The new data, up to 52 weeks, derive from an extension of the open-label trial; in the extension, patients who had received ravulizumab continued maintenance therapy, and those who had received eculizumab switched to ravulizumab. In total, 191 of 192 patients in the study entered the extension, and 96 of them were in the ravulizumab-only group while the other 95 were in the switch group.

Patients in both groups showed a durable response for percent change in lactate dehydrogenase (LDH) at 52 weeks; patients in the ravulizumab-only group had an 8.8% increase in LDH from baseline (SD, 29%), while pts in the switch group had 5.8% (SD, 27%) change.

During weeks 0 to 26, 88% of patients in the ravulizumab-only group avoided transfusion, versus 87% of patients in weeks 27 to 52. In the switch group, 83% avoided transfusion during both periods.

During the extension period, 79% of patients in the ravulizumab-only group and 75% in the switch group had a treatment-emergent adverse event (AE).

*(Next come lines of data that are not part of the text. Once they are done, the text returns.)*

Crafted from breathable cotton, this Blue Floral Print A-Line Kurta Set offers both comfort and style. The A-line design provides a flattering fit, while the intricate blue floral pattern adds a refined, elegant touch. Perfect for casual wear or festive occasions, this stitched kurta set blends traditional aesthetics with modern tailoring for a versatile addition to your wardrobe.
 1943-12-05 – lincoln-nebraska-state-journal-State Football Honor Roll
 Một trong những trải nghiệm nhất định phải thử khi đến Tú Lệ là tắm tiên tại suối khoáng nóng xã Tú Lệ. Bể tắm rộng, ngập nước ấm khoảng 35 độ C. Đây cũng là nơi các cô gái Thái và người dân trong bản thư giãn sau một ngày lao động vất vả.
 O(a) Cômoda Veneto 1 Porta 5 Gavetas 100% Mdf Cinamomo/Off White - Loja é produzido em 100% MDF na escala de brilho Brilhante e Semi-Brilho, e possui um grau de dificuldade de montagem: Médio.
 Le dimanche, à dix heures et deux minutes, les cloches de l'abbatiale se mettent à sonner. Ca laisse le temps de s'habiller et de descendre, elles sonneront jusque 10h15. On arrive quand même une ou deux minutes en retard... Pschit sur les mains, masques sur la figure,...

Eight patients (8%) in the ravulizumab-only group and 5 (5%) in the switch group experienced serious AEs, none of which led to discontinuation or death.

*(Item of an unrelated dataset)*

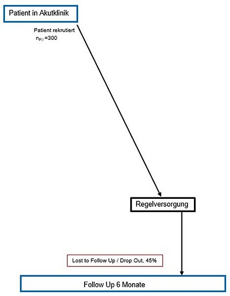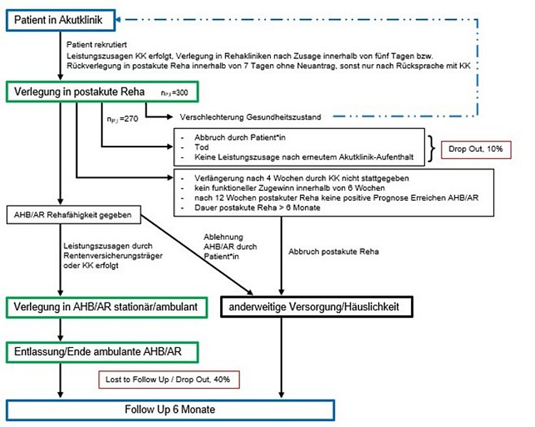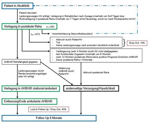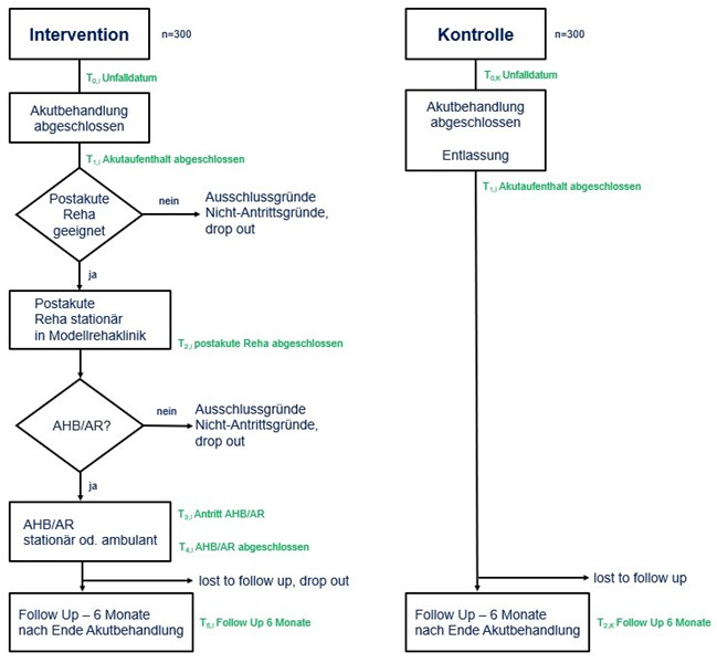 Die Patient*innen werden in den dem Interventionsarm zugeordneten Akutkliniken gemäß den Ein- und Ausschlusskriterien identifiziert. Als erstes holt sich die Akutklinik eine Aufnahmezusage der korrespondierenden Rehaklinik zur möglichen Übernahme ein. Anschließend beantragt sie die Postakute Traumarehabilitation bei der zuständigen Krankenkasse. Die Beantragung erfolgt mit dem AR-Antrag der GKV (in der Fassung vom 01.03.2024). Diesem sind der zugehörige ärztliche Befundbericht sowie das ausgefüllte Formular mit den zusätzlich erforderlichen Angaben beizufügen. Nach der Zusage (zunächst für 4 Wochen) durch die versichernde Krankenkasse werden die Patient*innen final über die Studie aufgeklärt und eingeschlossen. Es erfolgt die Datenerhebung der Akutklinik zum Abschluss des Akutaufenthaltes. Die Patient*innen werden in die Rehaklinik übergeleitet und die postakute Traumarehabilitation beginnt. Es erfolgt das Aufnahmeassessment sowie die Erhebung der sozioökonomischen Daten und der gesundheitsbezogenen Lebensqualität. In den wöchentlichen interdisziplinären Teamsitzungen wird der Fortschritt und das Erreichen der Rehafähigkeit überprüft und dokumentiert. Ebenso wird eine Prozessevaluation stattfinden. Sobald die Rehabilitationsfähigkeit für eine AHB/AR vorliegt, ist ein Abschlussassessment durchzuführen und die Postakute Traumarehabilitation zu beenden. Dies bedeutet in der Regel, dass eine Überleitung in die AHB/AR erfolgt. Für die Interventionspatient*innen hat die Rehabilitationsklinik hierzu einen entsprechenden Antrag beim jeweils zuständigen Rehabilitationsträger zu stellen. Die Überleitung ist nicht mehr Teil der Intervention gemäß dieser Studie. Die postakute Rehabilitation wird im Rahmen des Evaluationsprojektes zunächst für vier Wochen bewilligt. Für eine Verlängerung ist eine Genehmigung der versichernden Krankenkasse erforderlich. Dabei hat die Rehabilitationsklinik im direkten Austausch mit der den*die Patient*in jeweils versichernden Krankenkasse eine erneute Genehmigung einzuholen. Dazu sind Patient*innenassessments, Fortschrittsberichte und Leistungsnachweise zu übermitteln. In medizinisch begründeten Fällen kann eine Unterbrechung der Intervention Postakute Traumarehabilitation aufgrund einer Verlegung in ein Krankenhaus angezeigt sein. Bei Unterbrechungen von bis zu 7 Tagen aufgrund der Verlegung in ein Krankenhaus ist eine Rückverlegung/Wiederaufnahme ohne erneuten Antrag möglich. Die Patient*innen werden 6 Monate nach Entlassung aus dem Akutaufenthalt zentral vom AUC Studienzentrum kontaktiert und um die Beantwortung eines Follow Up Fragebogens gebeten.
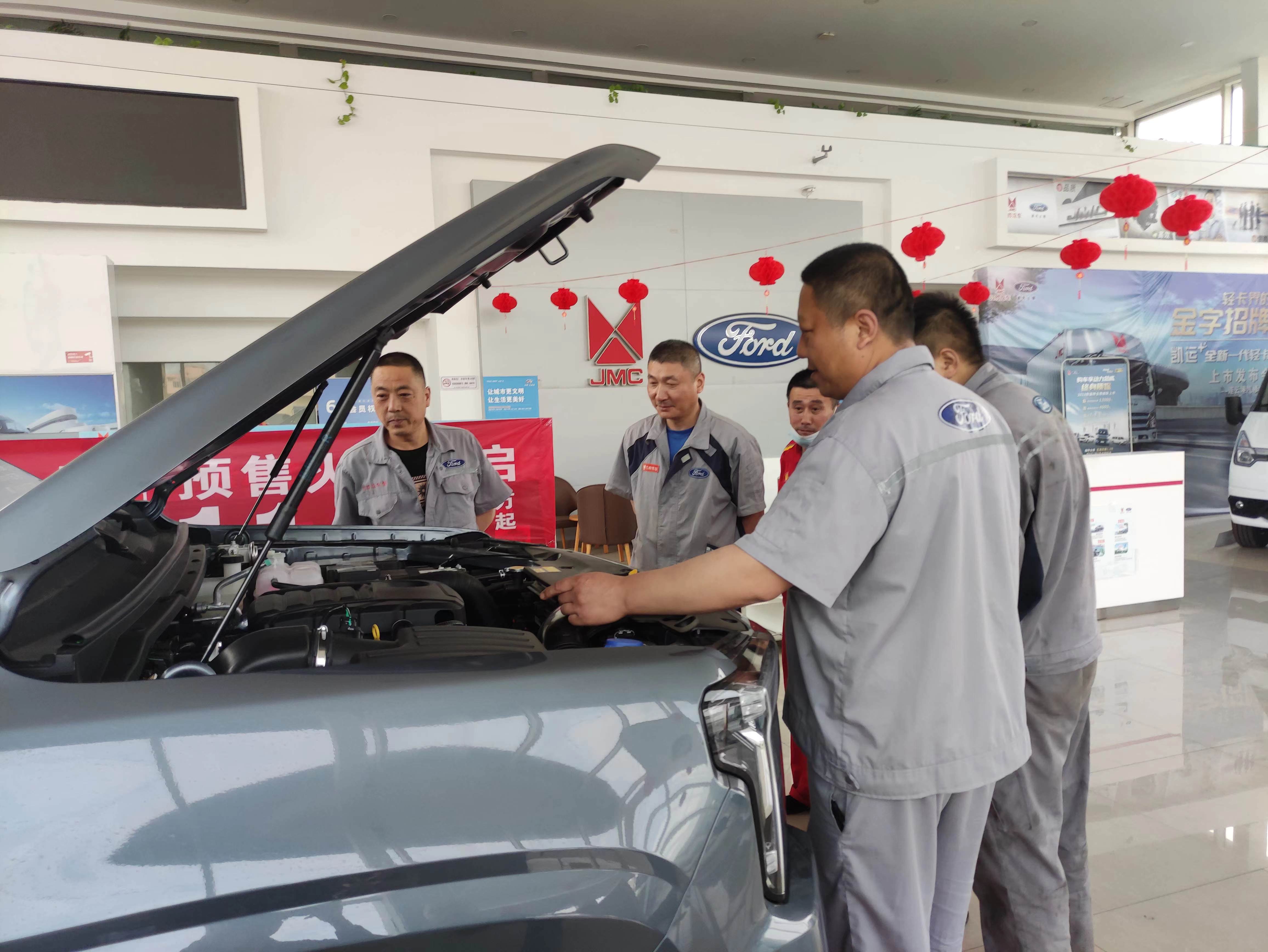 大道皮卡是江铃公司新推出的乘用皮卡车型,是今后的主推车型,自从四月上海车展亮相后,获得广大消费者的青睐。应市场要求,汽车修理公司抓住机遇,主动对接江铃公司,积极申报大道皮卡的售后服务,并且派出王军、严浩两位汽车维修人员赴江西学习新车型的维保要点。

According to the researchers, ravulizumab continues to be well tolerated at week 52, with no new safety concerns arising in the extension, and the drug appears to have durable efficacy.

References

1. Hanes V, Pan J, Mytych DT, Chien D, Chow V. Relationship between pharmacokinetics and antidrug antibody status of ABP 959, a biosimilar candidate to eculizumab: results from a pharmacokinetic similarity study. Presented at: The 61th Annual Meeting and Exposition of the American Society of Hematology; December 7-10, 2019; Orlando, FL. Abstract 3520.

2. Jalbert JJ, Chaudhari U, Zhang H, Weyne J, Shammo JM. Epidemiology of PNH and real-world treatment patterns following an incident PNH diagnosis in the US. Presented at: The 61th Annual Meeting and Exposition of the American Society of Hematology; December 7-10, 2019; Orlando, FL. Abstract 3407.

3. Kulasekararaj A, Hill A, Langemeijer S, et al. One-year efficacy and safety from a phase 3 trial of ravulizumab in adult patients with paroxysmal nocturnal hemoglobinuria receiving prior eculizumab treatment. Presented at: The 61th Annual Meeting and Exposition of the American Society of Hematology; December 7-10, 2019; Orlando, FL. Abstract 2231.